* _WORK TO BE COMPLETED_: Extract the whole listing as it stands. Do not include the pictures.

* _THE DATA_:
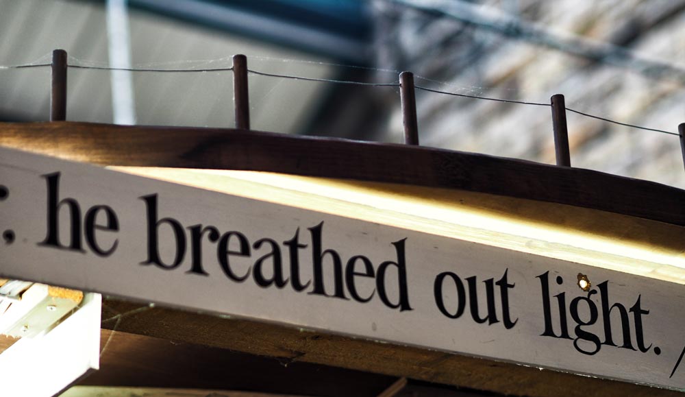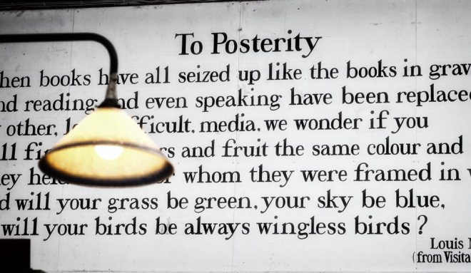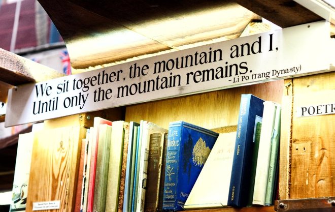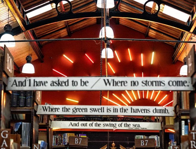 …an enchanting place filled with poetry lines linking the bookshelves above your head, 40 foot murals and a model train-set in the air; a station café, free wifi, comfortable armchairs and plenty of seating.
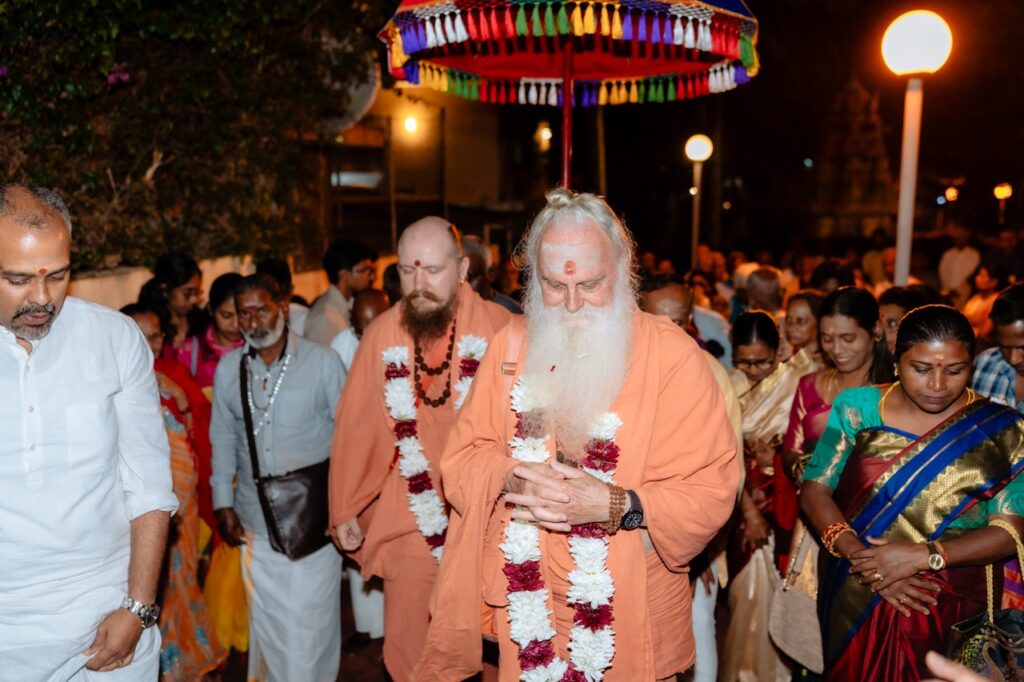 Recently while in Mauritius, Paramacharya Sadasivanathaswami and Sannyasin Tillainathaswami traveled to Quatre Bornes for an evening event at the Mayil Kovil there, which resides upon the nearby Corps-de-Garde hillside. Arriving in the evening, our swamis led the march up the nearly 300 steps stairway to the temple. Several hundred people were in attendance. After being greeted by the resident Shivacharya, the group circumambulated the temple and then stepped inside for worship at the main shrines, concluding with an arati to Lord Murugan. Paramacharya was then asked to give an upadesha to everyone. He discussed many of the joys and strengths of Hinduism, as well as provided advice for handling the encroachment from other religions, while including some stories about the advice that Gurudeva had given many years ago to crowds in Sri Lanka. Aum.
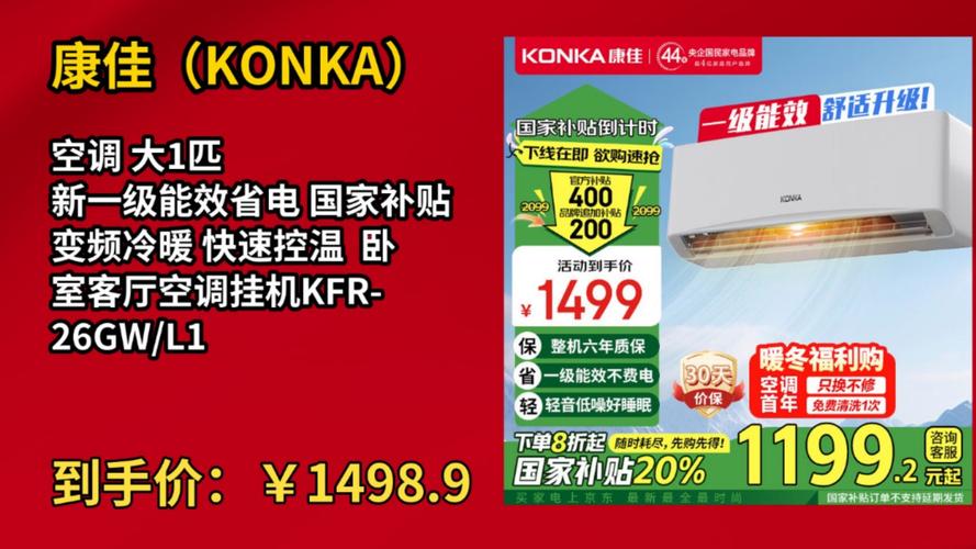 租房党捡到宝了!康佳1匹空调千元价位中的王炸(图片来源网络,侵删)   在空调市场竞争白热化的今天,千元价位段终于杀出一匹黑马——康佳(KONKA)新一级能效变频空调。这款定价仅1299元的1匹挂机,不仅拥有5.27超高APF值,更实现了30秒急速制冷的黑科技,特别适合预算有限却不愿妥协性能的小户型家庭。  对于10-16㎡卧室用户来说,这款空调堪称量身定制。其30秒速冷技术能让午休族躺下即享清凉,60秒速热则让南方没有暖气的家庭冬季洗澡不再煎熬。实测在15㎡房间内,开机5分钟就能从35℃降至26℃,这个表现甚至超越不少两千元档机型。租房党尤其要注意,以旧换新后千元出...

* _REPLY_:
 …an enchanting place filled with poetry lines linking the bookshelves above your head, 40 foot murals and a model train-set in the air; a station café, free wifi, comfortable armchairs and plenty of seating.
 Recently while in Mauritius, Paramacharya Sadasivanathaswami and Sannyasin Tillainathaswami traveled to Quatre Bornes for an evening event at the Mayil Kovil there, which resides upon the nearby Corps-de-Garde hillside. Arriving in the evening, our swamis led the march up the nearly 300 steps stairway to the temple. Several hundred people were in attendance. After being greeted by the resident Shivacharya, the group circumambulated the temple and then stepped inside for worship at the main shrines, concluding with an arati to Lord Murugan. Paramacharya was then asked to give an upadesha to everyone. He discussed many of the joys and strengths of Hinduism, as well as provided advice for handling the encroachment from other religions, while including some stories about the advice that Gurudeva had given many years ago to crowds in Sri Lanka. Aum.
 租房党捡到宝了!康佳1匹空调千元价位中的王炸(图片来源网络,侵删)   在空调市场竞争白热化的今天,千元价位段终于杀出一匹黑马——康佳(KONKA)新一级能效变频空调。这款定价仅1299元的1匹挂机,不仅拥有5.27超高APF值,更实现了30秒急速制冷的黑科技,特别适合预算有限却不愿妥协性能的小户型家庭。  对于10-16㎡卧室用户来说,这款空调堪称量身定制。其30秒速冷技术能让午休族躺下即享清凉,60秒速热则让南方没有暖气的家庭冬季洗澡不再煎熬。实测在15㎡房间内,开机5分钟就能从35℃降至26℃,这个表现甚至超越不少两千元档机型。租房党尤其要注意,以旧换新后千元出...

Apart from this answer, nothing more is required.